We will get back to details on how this works.
#### Preprocessing of single-cell RNA-Seq data
- As before, each reads gets aligned to the genome. Afterwards, the gene that the read maps to is identified.
- Additionally, the cell barcode is analysed. A list of all cell barcodes that appear in the sample is generated, and each read is assigned to one element in this list.
- The final result is a *count matrix*:
- The rows of the matrix correspond to genes.
- The columns correspond to cell barcodes and hence cells.
- The matrix entries tell how many reads have been found that mapped to this gene and seemed to originated from the cell with this barcode.
There are a number of complications that we will need to discuss:
- A barcode may be corrupted by a read error, causing a read to be assigned to the wrong cell.

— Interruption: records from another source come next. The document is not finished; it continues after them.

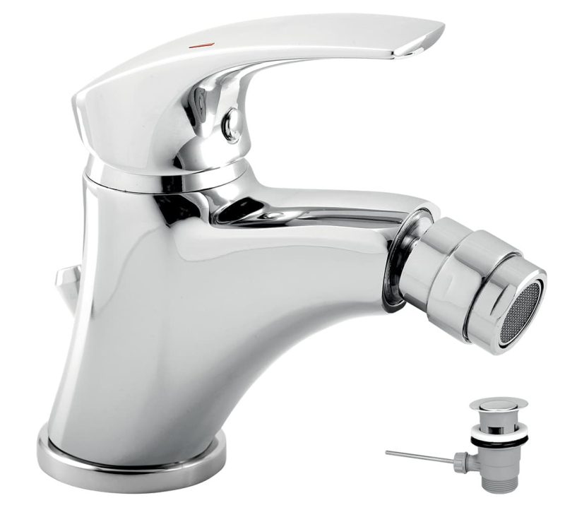 Páková stojánková bidetová baterie s výpustí. V chromovém provedení. Výška baterie je 20 cm.
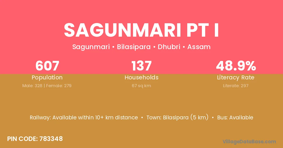 Bilasipara (5 km) is the nearest town to Sagunmari Pt I village for major economic activities and is located approximately 5 km away.
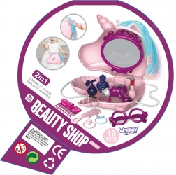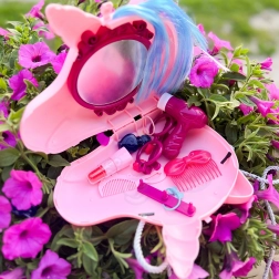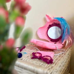 Questo set magico unisce borsetta e toeletta in un unico prodotto. All’apertura compaiono lo specchietto e gli accessori organizzati per giocare al parrucchiere e al trucco. I bambini possono pettinare la criniera colorata dell’unicorno, adornarsi con anellini o occhiali e “asciugare” i capelli con il “phon” – tutto in sicurezza come gioco di finzione.
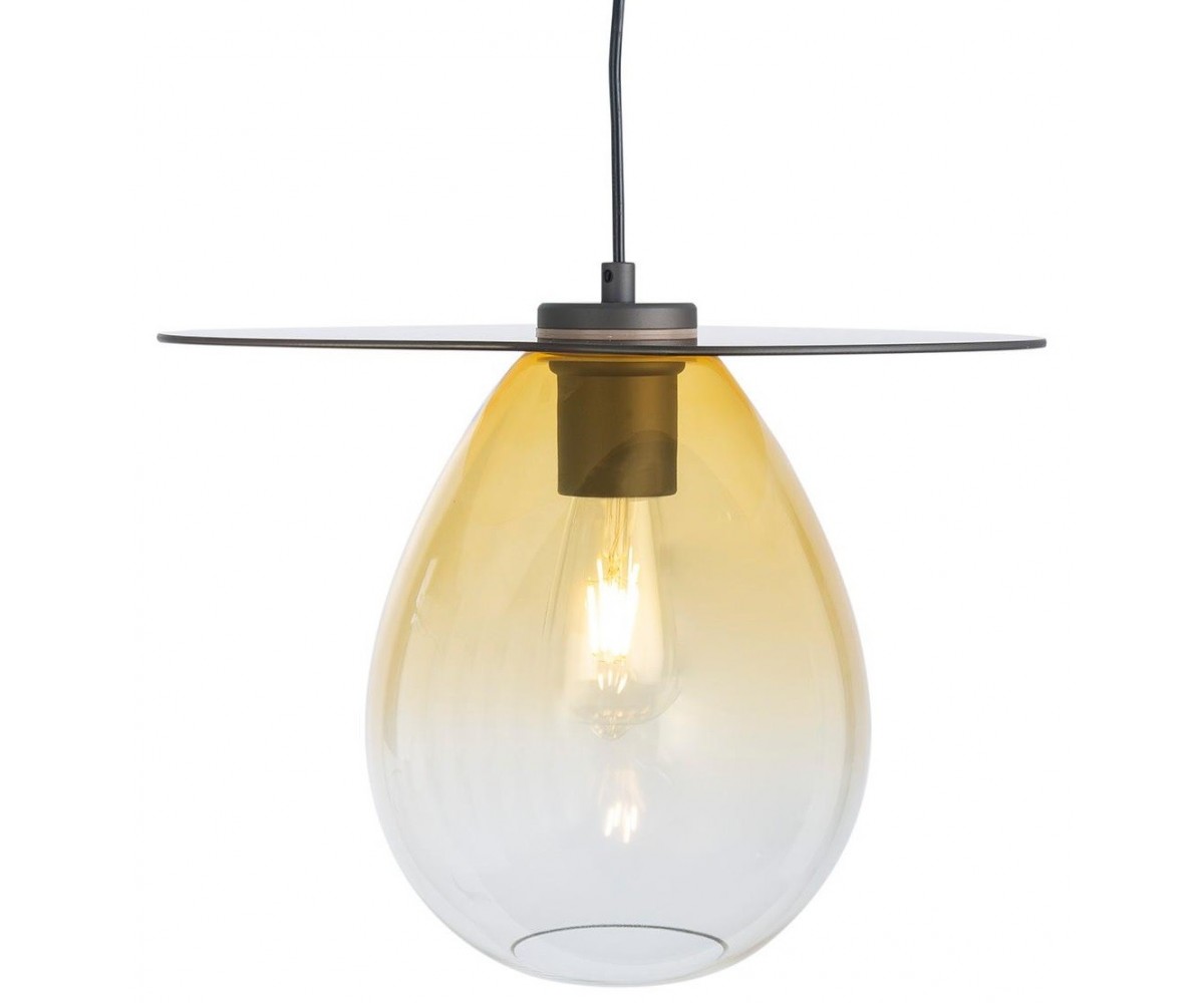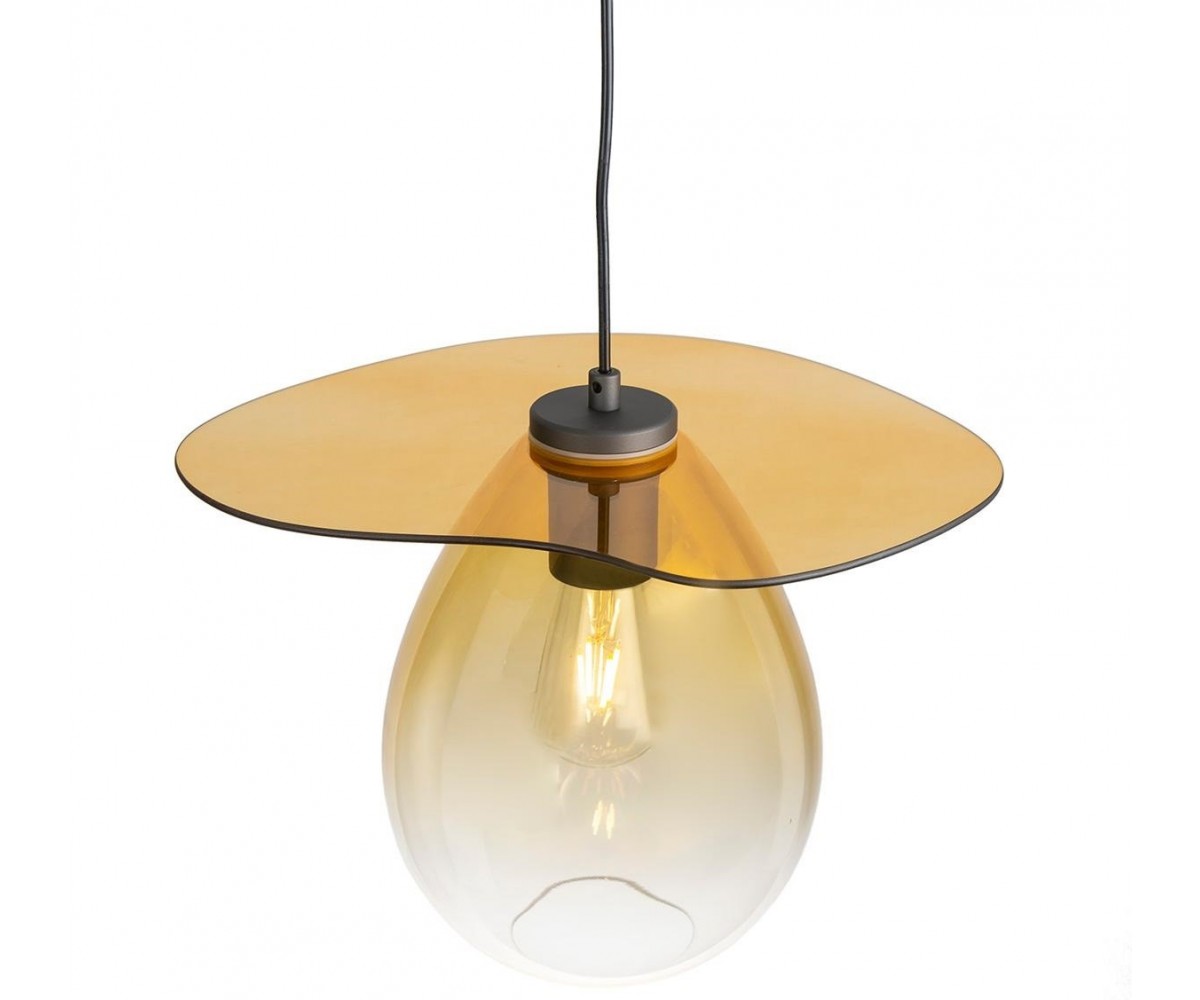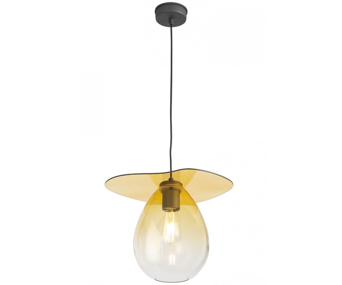 Lámpara suspendida inspirado en un diseño de Wilhelm Wagenfeld. Tulipa en cristal soplado color ambar o azul, carcasa en acero lacado al horno en color negro. También disponible en lámpara de suelo. Casquillo para bombilla E27 Led, no incluida. Réplica con materiales originales de máxima calidad

- A compartment may not have contained a cell but still contained a few RNA molecules that were present in the solution, stemming from destroyed cells with broken cell membrane. Such barcode will have very few reads assigned to them, and we have to recognize them as not being cells.
- A compartment might have contained more than one cell, and thus a mixture of RNA from several cells of possibly different type. This is called a "doublet".
The main issue, however, is: The process is very lossy. A typical mammalian cell contains a several hundred thousands of mRNA molecules, but we usually only get a few thousand (microfluidics methods) or at best up to around 20,000 reads (plate-based methods).
Which molecules get sequenced is a random process, and we need to take care of the "counting noise" thus produced.
Many genes are produced by the cells at very low copy numbers, and with the selection during sequencing, we will very frequently end up with a zero count. The count matrix is therefore very *sparse* (i.e., a large fraction of the matrix elements have the value 0).